* What to produce: Below is a listing with pictures in it; transcribe exactly the lines from the one that has "Der Name White" through the one that has "6月5日,扎西宗鄉(xiāng)完全小學學生在籃球課上投籃。", and omit those pictures.

* Records supplied:
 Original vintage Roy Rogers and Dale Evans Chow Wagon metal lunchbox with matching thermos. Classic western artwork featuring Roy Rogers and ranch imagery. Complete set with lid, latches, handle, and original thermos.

==

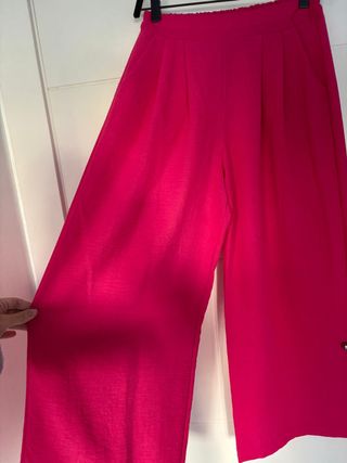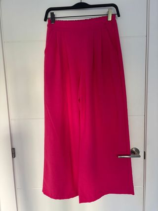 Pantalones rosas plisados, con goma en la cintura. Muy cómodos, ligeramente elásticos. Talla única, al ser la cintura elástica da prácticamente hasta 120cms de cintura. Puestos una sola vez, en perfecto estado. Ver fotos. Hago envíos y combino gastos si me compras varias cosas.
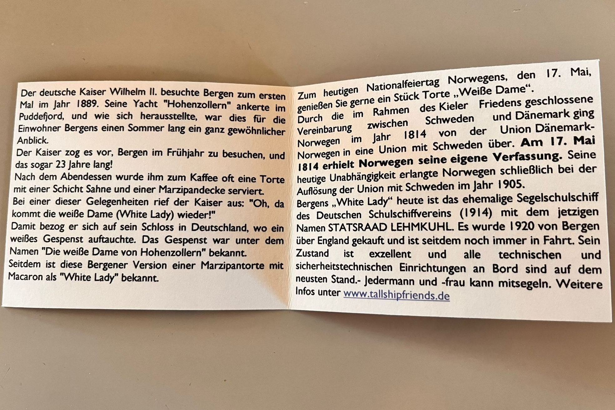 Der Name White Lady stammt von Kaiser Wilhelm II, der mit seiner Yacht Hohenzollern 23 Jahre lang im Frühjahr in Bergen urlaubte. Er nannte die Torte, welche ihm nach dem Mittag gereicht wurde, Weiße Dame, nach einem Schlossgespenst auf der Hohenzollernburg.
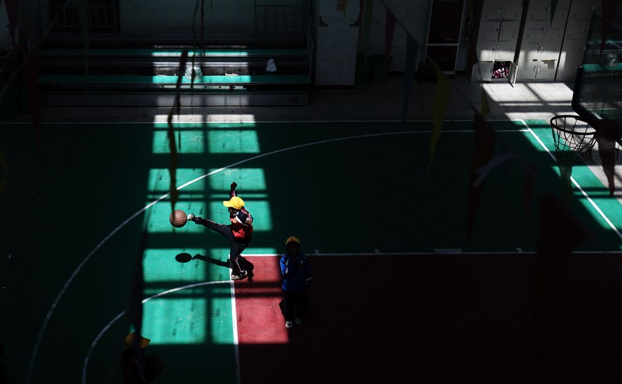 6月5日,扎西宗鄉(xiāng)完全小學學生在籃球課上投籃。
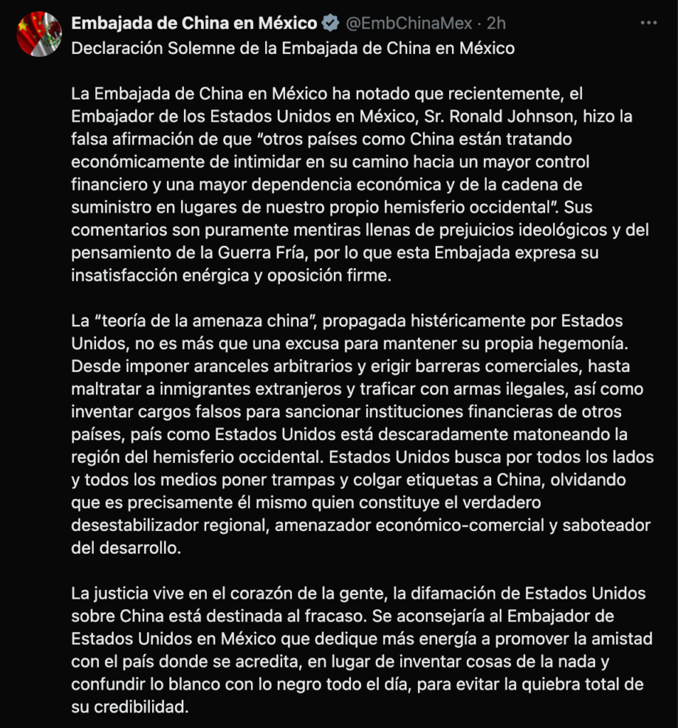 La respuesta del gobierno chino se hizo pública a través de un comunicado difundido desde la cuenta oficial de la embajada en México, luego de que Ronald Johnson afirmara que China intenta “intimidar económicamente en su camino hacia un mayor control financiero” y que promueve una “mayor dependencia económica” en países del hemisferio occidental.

* Reply:
 Der Name White Lady stammt von Kaiser Wilhelm II, der mit seiner Yacht Hohenzollern 23 Jahre lang im Frühjahr in Bergen urlaubte. Er nannte die Torte, welche ihm nach dem Mittag gereicht wurde, Weiße Dame, nach einem Schlossgespenst auf der Hohenzollernburg.
 6月5日,扎西宗鄉(xiāng)完全小學學生在籃球課上投籃。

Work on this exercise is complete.